「買い物難民の栄養不足を解消します」――コープさっぽろ(本部・札幌市西区)と大塚製薬(本社・東京都千代田区)は、5月10日からコープさっぽろの移動販売車を利用した「かんたん栄養チェックサービス」を道内全域で開始する。移動販売車のドライバーが利用者にタブレット端末を渡し、簡単な設問に答えると栄養状態がその場でわかる。食習慣の改善に役立ててもらうのが狙い。IMG_2881(写真は、タブレット端末を示す大塚製薬ニュートラシューティカルズ事業部札幌支店長の高谷浩司氏)

コープさっぽろと大塚製薬は昨年6月、四国大学生活科学部の吉村幸雄教授と移動販売車を利用している買い物過疎地の高齢者など約200人の健康調査を実施。コープの店舗利用者と栄養摂取の状況を対比したところ、「明らかに差があった」(吉村教授)。
 吉村教授によると、ご飯や魚介類の摂取に違いはなかったものの、肉、卵、乳製品、緑黄色野菜、果実の摂取に違いが目立ったという。これらのことから移動販売車の利用者は、ミネラルやビタミンの摂取量が店舗利用者に比べて少なかった実態が分かった。
 吉村教授は、「高齢者はメタボへの不安やコレステロールの取り過ぎに関心が向かい、結果必要な栄養素が不足していることに気づいていない場合が多い」という。

 コープさっぽろと大塚製薬は、北海道栄養士会の協力を得て、この結果をもとにタブレット端末を使って簡単に栄養チェックができるサービスを開発。移動販売車のドライバーがタブレット端末を利用者に手渡し、その場で「チーズやヨーグルトは週に何回食べますか」、「最近、食が細くなりましたか」など10の設問に答えると即座に不足している栄養素が分かる仕組み。音声ガイダンスがあるので余計な手間もかからない。

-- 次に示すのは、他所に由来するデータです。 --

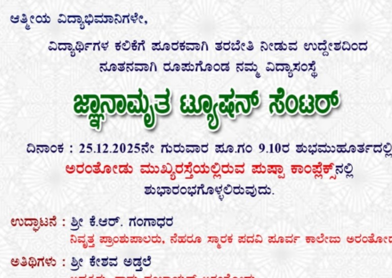 ವಿದ್ಯಾರ್ಥಿಗಳ ಕಲಿಕೆಗೆ ಪೂರಕವಾಗಿ ತರಬೇತಿ ನೀಡುವ ಉದ್ದೇಶದಿಂದ ನೂತನವಾಗಿ ರೂಪುಗೊಂಡ ವಿದ್ಯಾಸಂಸ್ಥೆ ಜ್ಞಾನಾಮೃತ ಟ್ಯೂಷನ್ ಸೆಂಟರ್ ಡಿ.25 ರಂದು ಅರಂತೋಡು ಮುಖ್ಯ ರಸ್ತೆಯಲ್ಲಿರುವ ಪುಷ್ಪಾ ಕಾಂಪ್ಲೆಕ್ಸ್ ನಲ್ಲಿ ಶುಭಾರಂಭ ಗೊಳ್ಳಲಿದೆ.ಅರಂತೋಡು ನೆಹರು ಸ್ಮಾರಕ ಪದವಿ ಪೂರ್ವ ಕಾಲೇಜು ನಿವೃತ ಪ್ರಾಂಶುಪಾಲ.ಕೆ. ಆರ್.ಗಂಗಾಧರ ಉದ್ಘಾಟಿಸಲಿದ್ದಾರೆ. ಅರಂತೋಡು ಗ್ರಾಮ ಪಂಚಾಯತ್ ಅಧ್ಯಕ್ಷ ಕೇಶವ ಆಡ್ತಲೆ,ಅರಂತೋಡು ತೊಡಿಕಾನ ಪ್ರಾಥಮಿಕ ಕೃಷಿ ಪತ್ತಿನ ಸಹಕಾರ ಸಂಘ ಅಧ್ಯಕ್ಷ ಸಂತೋಷ್ ಕುತ್ತಮೊಟ್ಟೆ,ಅರಂತೋಡು ನೆಹರು ಸ್ಮಾರಕ ಪದವಿ ಪೂರ್ವ ಕಾಲೇಜು ಮುಖ್ಯ ಶಿಕ್ಷಕ ಸೋಮ ಶೇಖರ ಪಿಂಡಿಮನೆ,ತೊಡಿಕಾನ ಮೆತ್ತಡ್ಕ ಪಾರೆಪ್ಪಾಡಿ ಕುಟುಂಬ ಹಿರಿಯರಾದ ಶ್ರೀನಿವಾಸ ಮೆತ್ತಡ್ಕ ,ಅರಂತೋಡು ಗ್ರಾಮ ಪಂಚಾಯತ್ ಸದಸ್ಯ ರವೀಂದ್ರ ಪಂಜಿ ಕೋಡಿ,ಕಟ್ಟಡ ಮಾಲಕ ಈಶ್ವರ ಉಳುವಾರು ಭಾಗವಹಿಸಲಿದ್ದಾರೆ. 8ರಿಂದ 10ನೇ ತರಗತಿಯ ವಿದ್ಯಾರ್ಥಿಗಳಿಗೆ ಗಣಿತ ವಿಜ್ಞಾನ ಮತ್ತು ಇಂಗ್ಲಿಷ್ ವಿಷಯಗಳಲ್ಲಿ ಮತ್ತು ವಿಜ್ಞಾನ ವಿಭಾಗದ ಪಿಯುಸಿ ವಿದ್ಯಾರ್ಥಿಗಳಿಗೆ ಎಲ್ಲ ವಿಷಯಗಳಲ್ಲಿ ಟ್ಯೂಷನ್ ನೀಡಲಾಗುವುದು. ಎಂದು ಕು. ಸುಷ್ಮಾ ಪತ್ರಿಕಾ ಪ್ರಕಟಣೆಯಲ್ಲಿ ತಿಳಿಸಿದ್ದಾರೆ.

 例えば、たんぱく質が不足していると判定されると、ドライバーが判定結果のチラシを配布、たんぱく質が含まれる高野豆腐や黒豆、茶わん蒸しなどの摂取を促し不足をカバーしてもらうようにする。買い物客の近くまでラストワンマイルの販路を持つコープさっぽろのオーダーメード的な栄養管理サービスと言えそう。

 コープさっぽろは現在、78台の移動販売者を道内124市町村、234コースで週2回巡回している。約1000品目を積んでいるが、利用者が注文するケースも2割と多い。
 タブレット端末は20台用意しており、3ヵ月間単位で全道利用ができるようにする。5月10日から始まる最初の栄養チェックテーマは、たんぱく質でその後は順次テーマとなる栄養素を変更、買い物難民の食生活改善を支援する。